> DESCRIPTION OF THE TASK:
Every line from the one with "NWT Pilcro (Anthropologie)" through the last line below should be repeated exactly; pictures stay out of the copy.

> AVAILABLE DATA:
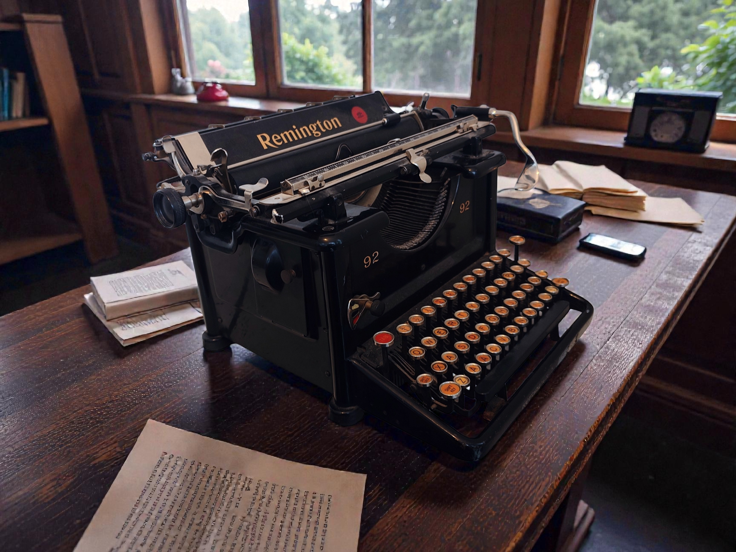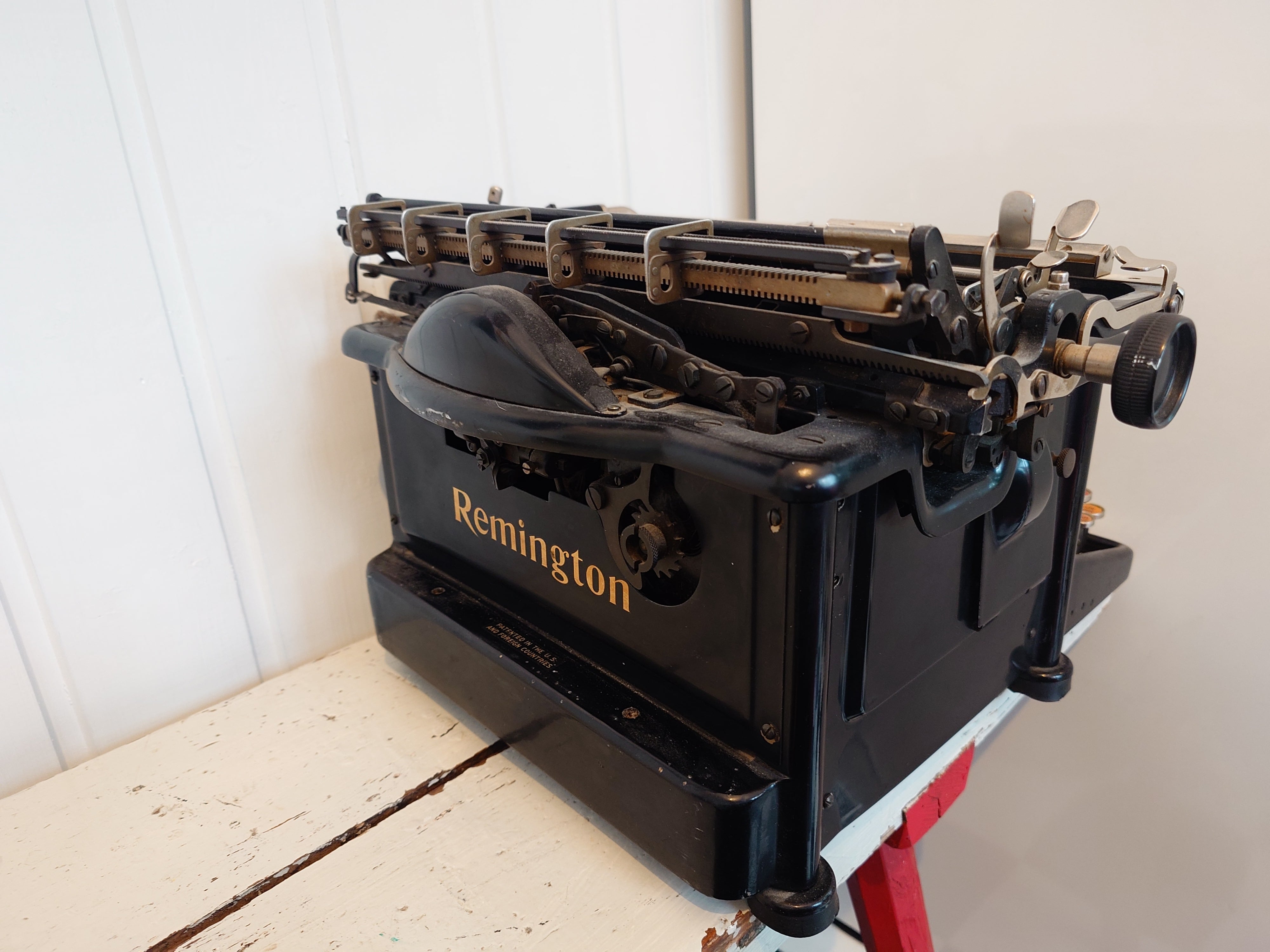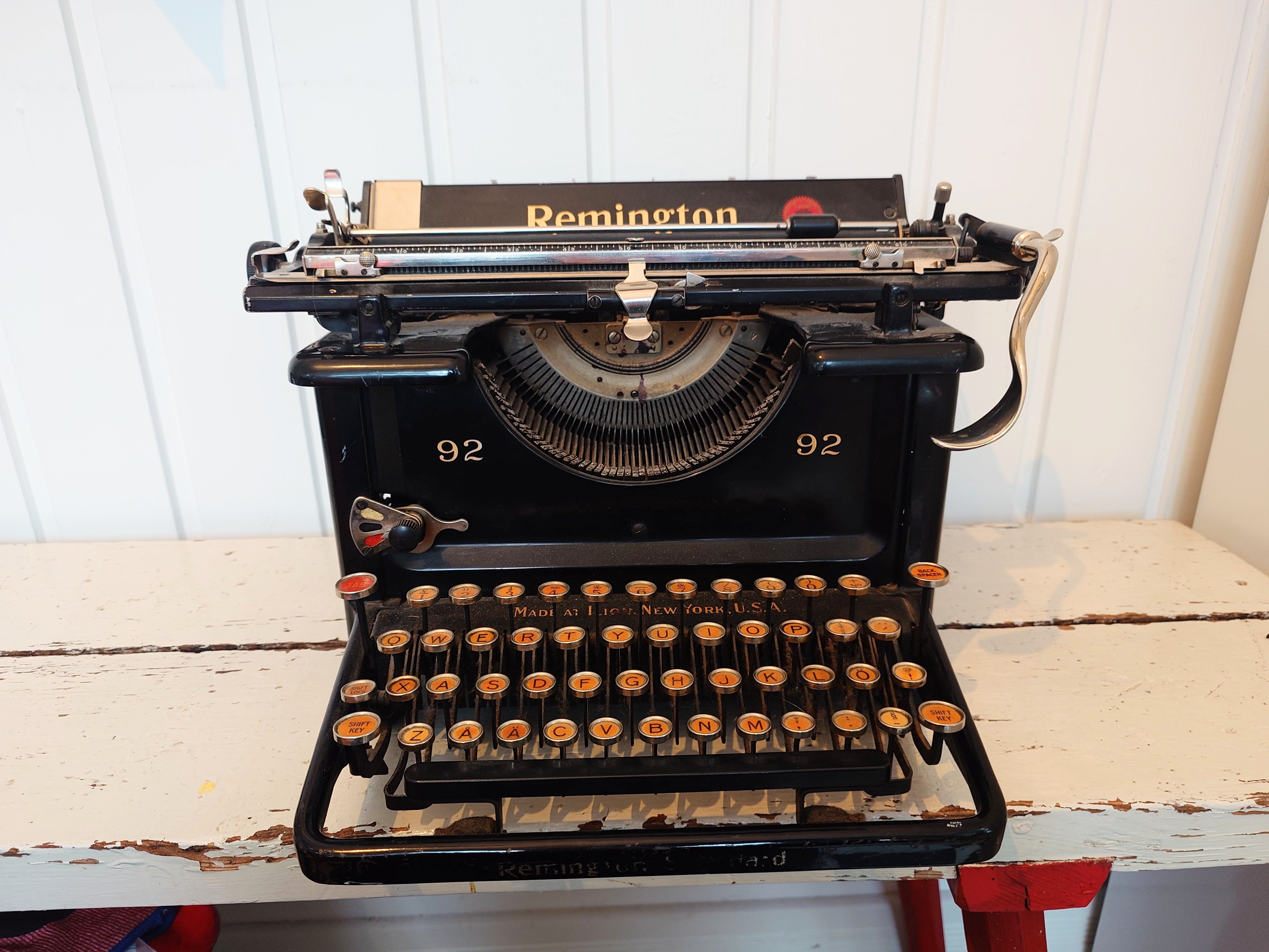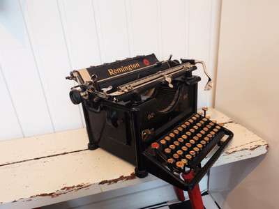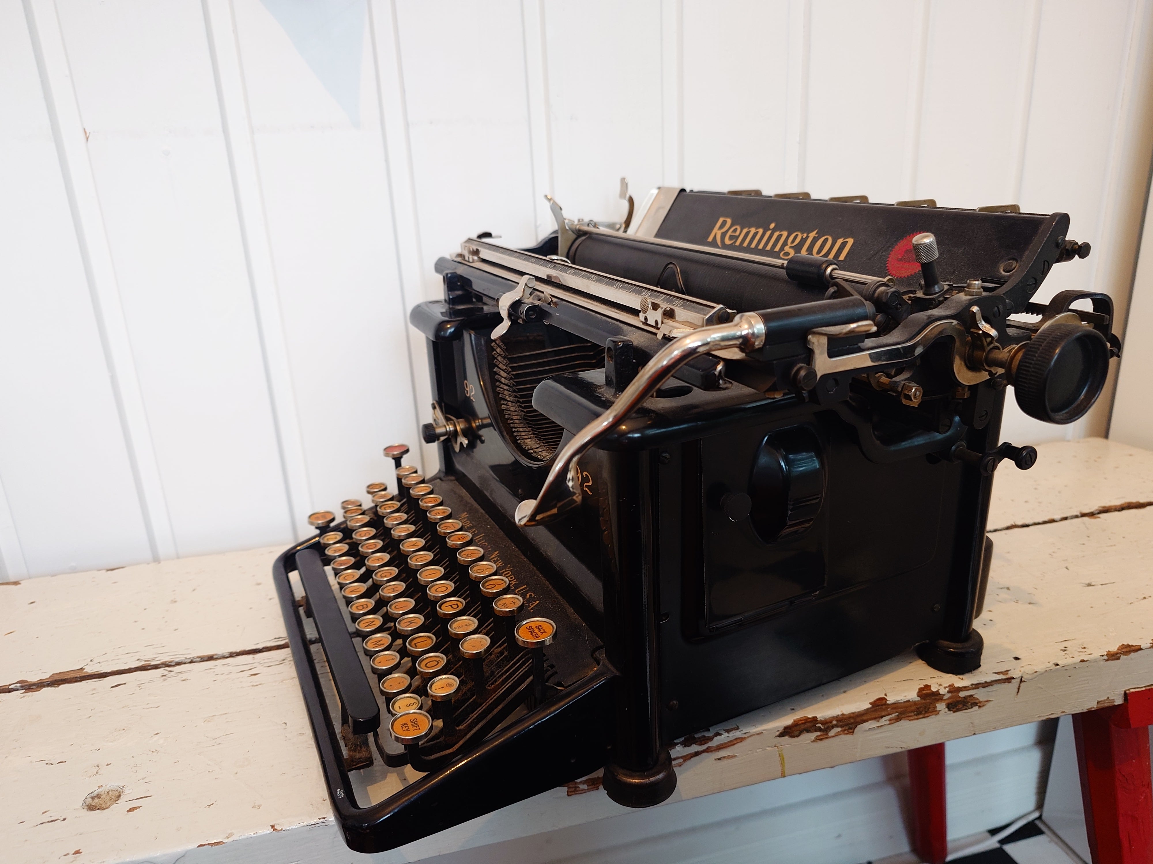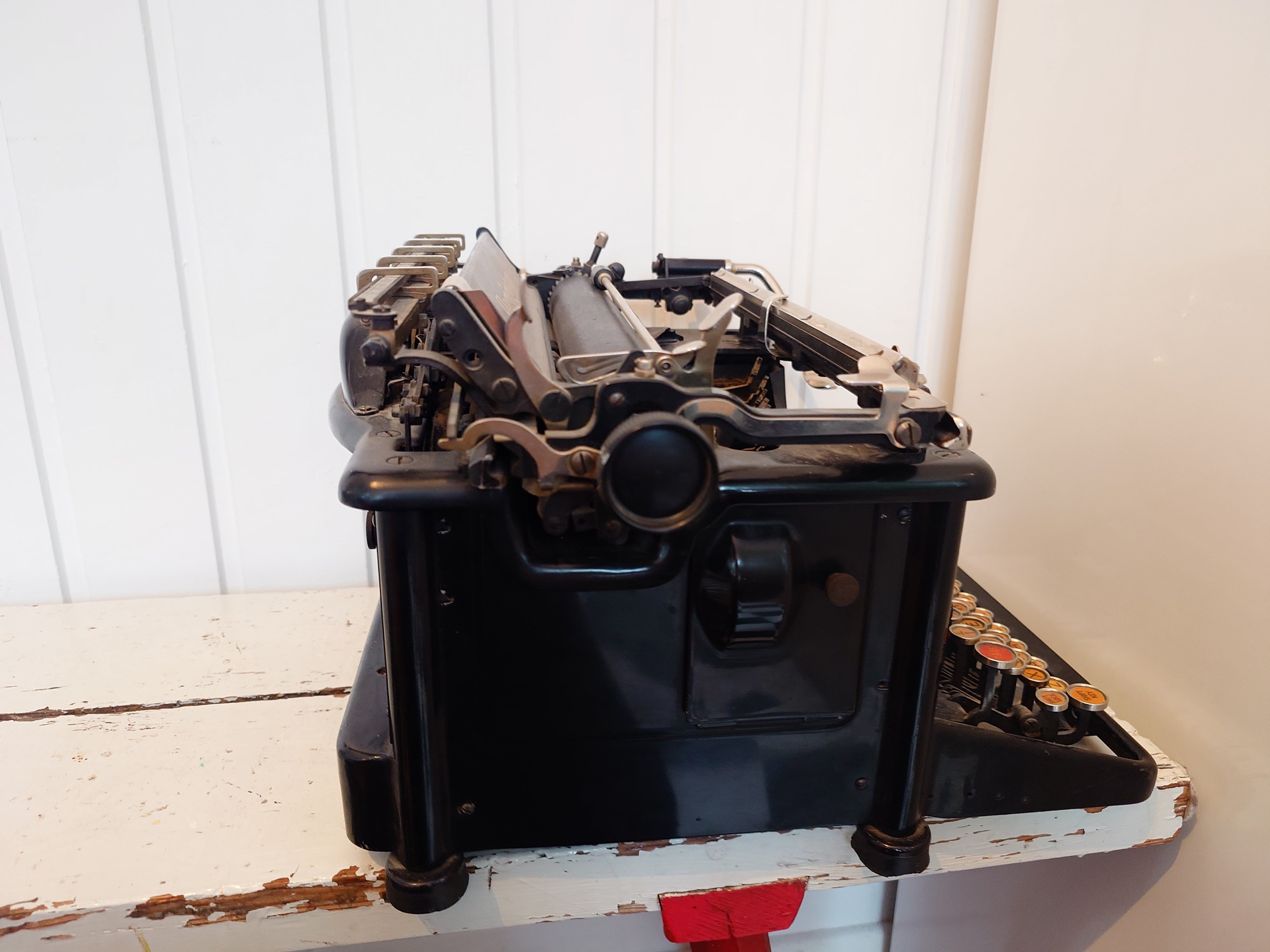 1920-luvulta peräisin oleva jykevä vanha kirjoituskone. Painoa on peräti 16 kg.
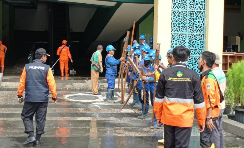 "Karena jika tidak dilakukan apa-apa atau dibiarkan begitu saja, takut dampak kerusakan dapat meluas. Contohnya ada bekas rontokan besi jatuh ke lantai bawah, jika itu dibersihkan kita dapat tambal. Supaya tetap rapi dan dapat menghilangkan kesan masjid kumuh tidak terawat, terlebih sekarang musim hujan. Untuk target pembersihannya sendiri diperkirakan memakan waktu dua hari, dengan mengerahkan sekitar 500 petugas gabungan dari Badan Pengelola Aset, Sudin SDA, Sudin Cipta Karya, Sudin Lingkungan Hidup, Sudin Bina Marga, Sudin Sosial, Satpol PP, dan juga teman-teman dari kecamatan - kelurahan, " ungkapnya.
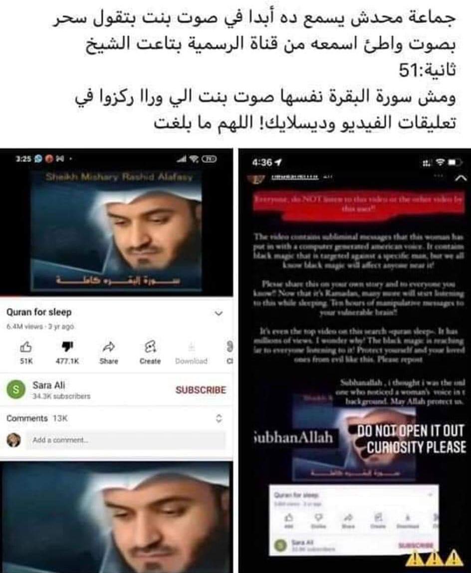 انتشر خلال الساعات القليلة الماضية فيديو قرآني لـ سورة البقرة، وفي خلفيته يظهر صوت فتاة تطلق سحرًا أسودًا لمستمعيه، وسرعان ما أثارت تلك الفيديوهات فزعًا كبيرًا بين متابعي مواقع التواصل الاجتماعي.
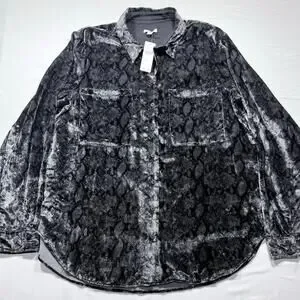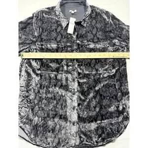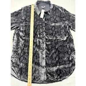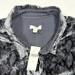 NWT Pilcro (Anthropologie) button-down shirt in a gorgeous gray/black snakeskin print with a soft, drapey feel. Features a collared neckline, front button closure, two chest pockets, and an easy relaxed/oversized fit—perfect worn buttoned up or open as a lightweight shacket.
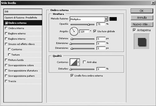 Dopo aver selezionato Ombra esterna, apparirร una finestra di dialogo con vari parametri che puoi regolare per personalizzare l’ombreggiatura:
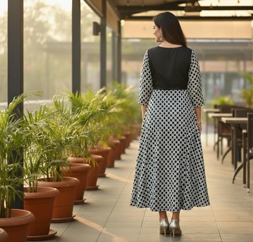 This sophisticated gown dress brings a touch of effortless glamour to any occasion. Designed with a fitted black bodice and a flowing lower half, it creates a flattering silhouette that suits various body types. The garment is crafted from a luxurious, high-quality net fabric that drapes beautifully, giving it a rich texture and subtle sheen. The timeless black and white color blocking, featuring solid black on the upper body and a contrasting patterned lower skirt, ensures a graceful and eye-catching look without relying on surface prints.
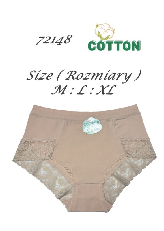 Figi damskie wykonane z wysokiej jakości gładkiej bawełny, ozdobione delikatną koronką. W pasie szersza, wygodna, nieuciskająca guma. Pakowane po 12 sztuk w mix rozmiarów (M,L,XL) i kolorów. Skład: 95% bawełna, 5% elastan.

> ANSWER TO THE EXERCISE:
 NWT Pilcro (Anthropologie) button-down shirt in a gorgeous gray/black snakeskin print with a soft, drapey feel. Features a collared neckline, front button closure, two chest pockets, and an easy relaxed/oversized fit—perfect worn buttoned up or open as a lightweight shacket.
 Dopo aver selezionato Ombra esterna, apparirร una finestra di dialogo con vari parametri che puoi regolare per personalizzare l’ombreggiatura:
 This sophisticated gown dress brings a touch of effortless glamour to any occasion. Designed with a fitted black bodice and a flowing lower half, it creates a flattering silhouette that suits various body types. The garment is crafted from a luxurious, high-quality net fabric that drapes beautifully, giving it a rich texture and subtle sheen. The timeless black and white color blocking, featuring solid black on the upper body and a contrasting patterned lower skirt, ensures a graceful and eye-catching look without relying on surface prints.
 Figi damskie wykonane z wysokiej jakości gładkiej bawełny, ozdobione delikatną koronką. W pasie szersza, wygodna, nieuciskająca guma. Pakowane po 12 sztuk w mix rozmiarów (M,L,XL) i kolorów. Skład: 95% bawełna, 5% elastan.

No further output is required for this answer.